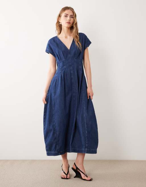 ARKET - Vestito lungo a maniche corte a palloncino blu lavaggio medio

###

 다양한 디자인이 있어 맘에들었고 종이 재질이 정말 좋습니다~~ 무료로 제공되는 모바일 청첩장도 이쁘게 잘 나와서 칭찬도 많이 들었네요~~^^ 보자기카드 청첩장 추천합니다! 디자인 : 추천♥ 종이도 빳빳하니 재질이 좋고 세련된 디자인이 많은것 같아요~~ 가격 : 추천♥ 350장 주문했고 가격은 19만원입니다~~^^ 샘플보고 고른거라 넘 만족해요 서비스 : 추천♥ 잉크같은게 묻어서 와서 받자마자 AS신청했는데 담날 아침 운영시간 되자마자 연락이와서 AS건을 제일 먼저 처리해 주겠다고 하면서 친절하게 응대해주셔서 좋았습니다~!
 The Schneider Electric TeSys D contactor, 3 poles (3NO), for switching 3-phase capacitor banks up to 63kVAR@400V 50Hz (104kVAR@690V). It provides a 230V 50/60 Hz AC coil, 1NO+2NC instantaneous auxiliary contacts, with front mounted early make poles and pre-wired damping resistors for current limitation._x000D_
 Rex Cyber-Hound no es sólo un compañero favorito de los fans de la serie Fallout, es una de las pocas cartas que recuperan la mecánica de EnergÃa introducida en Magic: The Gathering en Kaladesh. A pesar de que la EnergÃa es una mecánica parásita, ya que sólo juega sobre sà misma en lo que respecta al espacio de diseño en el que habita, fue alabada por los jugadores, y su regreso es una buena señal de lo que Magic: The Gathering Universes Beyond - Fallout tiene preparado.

###

* Task requirements:
The lines above from the one with "The Schneider Electric" through the one with "Rex Cyber-Hound no" are to be duplicated exactly, ends included, with nothing added.

* Answer to the exercise:
 The Schneider Electric TeSys D contactor, 3 poles (3NO), for switching 3-phase capacitor banks up to 63kVAR@400V 50Hz (104kVAR@690V). It provides a 230V 50/60 Hz AC coil, 1NO+2NC instantaneous auxiliary contacts, with front mounted early make poles and pre-wired damping resistors for current limitation._x000D_
 Rex Cyber-Hound no es sólo un compañero favorito de los fans de la serie Fallout, es una de las pocas cartas que recuperan la mecánica de EnergÃa introducida en Magic: The Gathering en Kaladesh. A pesar de que la EnergÃa es una mecánica parásita, ya que sólo juega sobre sà misma en lo que respecta al espacio de diseño en el que habita, fue alabada por los jugadores, y su regreso es una buena señal de lo que Magic: The Gathering Universes Beyond - Fallout tiene preparado.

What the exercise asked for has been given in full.